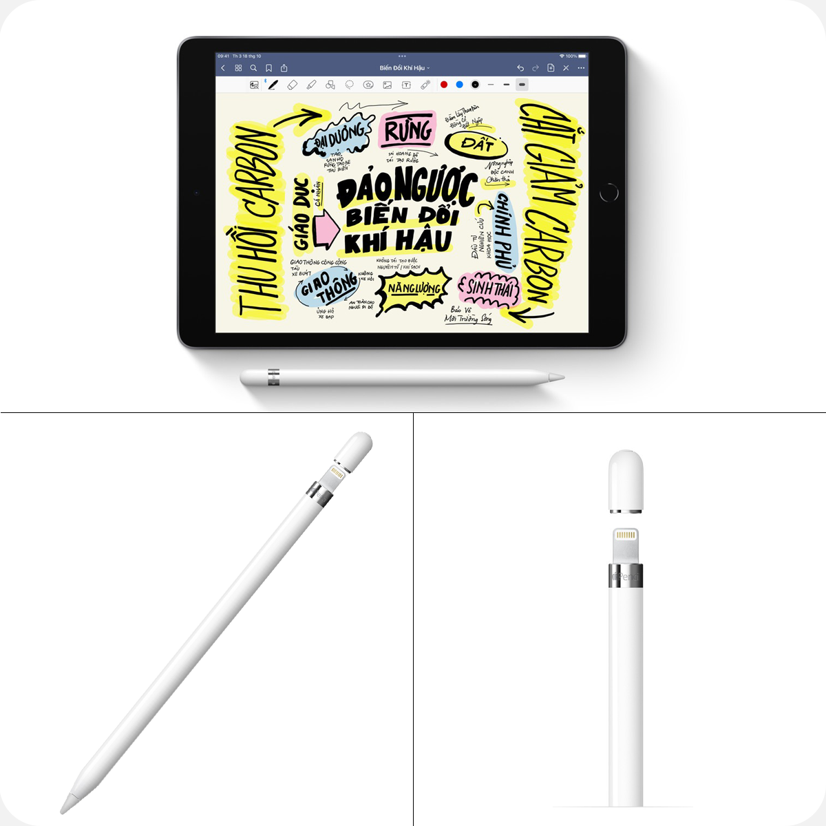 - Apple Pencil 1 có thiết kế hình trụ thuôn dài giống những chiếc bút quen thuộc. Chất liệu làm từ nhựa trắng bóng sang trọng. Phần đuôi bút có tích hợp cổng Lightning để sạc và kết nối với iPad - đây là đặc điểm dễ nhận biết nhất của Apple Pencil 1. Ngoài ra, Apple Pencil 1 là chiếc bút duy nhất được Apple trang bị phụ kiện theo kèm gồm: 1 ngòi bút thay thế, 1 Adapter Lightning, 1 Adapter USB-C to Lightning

==

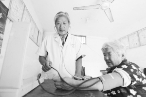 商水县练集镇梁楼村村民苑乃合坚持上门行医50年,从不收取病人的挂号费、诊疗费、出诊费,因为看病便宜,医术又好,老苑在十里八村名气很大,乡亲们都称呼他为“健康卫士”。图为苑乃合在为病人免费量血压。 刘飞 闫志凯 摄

* * *

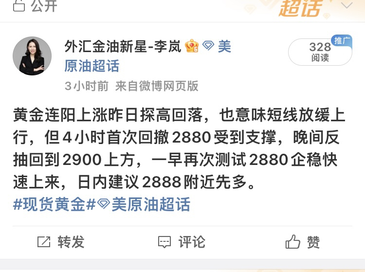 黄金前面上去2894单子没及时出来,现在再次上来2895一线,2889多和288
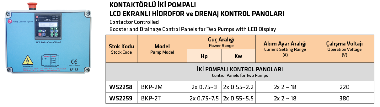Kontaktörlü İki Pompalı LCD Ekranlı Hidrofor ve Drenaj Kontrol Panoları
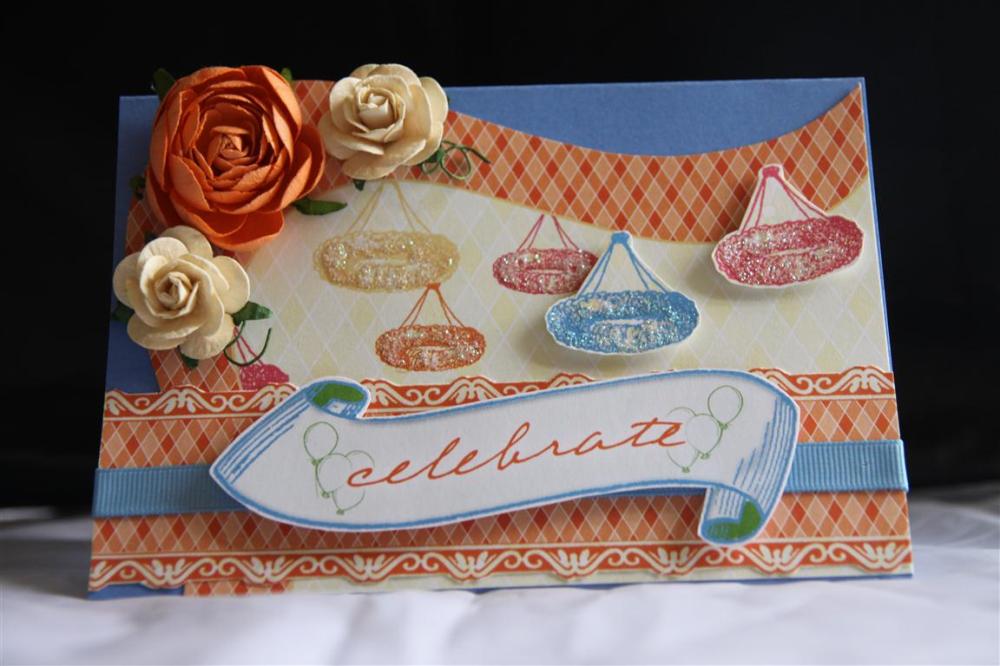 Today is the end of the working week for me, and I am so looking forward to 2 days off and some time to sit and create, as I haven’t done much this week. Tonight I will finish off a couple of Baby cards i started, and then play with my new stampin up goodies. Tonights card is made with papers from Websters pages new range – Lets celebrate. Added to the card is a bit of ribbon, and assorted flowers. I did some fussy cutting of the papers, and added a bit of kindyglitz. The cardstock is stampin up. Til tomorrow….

▶ _Task directions_: Print the line above containing "黄金前面上去2894单子没及", the line containing "Kontaktörlü İki Pompalı", and everything between them, exactly as written. Pictures stay out.

▶ _Written solution_:
 黄金前面上去2894单子没及时出来,现在再次上来2895一线,2889多和288
Kontaktörlü İki Pompalı LCD Ekranlı Hidrofor ve Drenaj Kontrol Panoları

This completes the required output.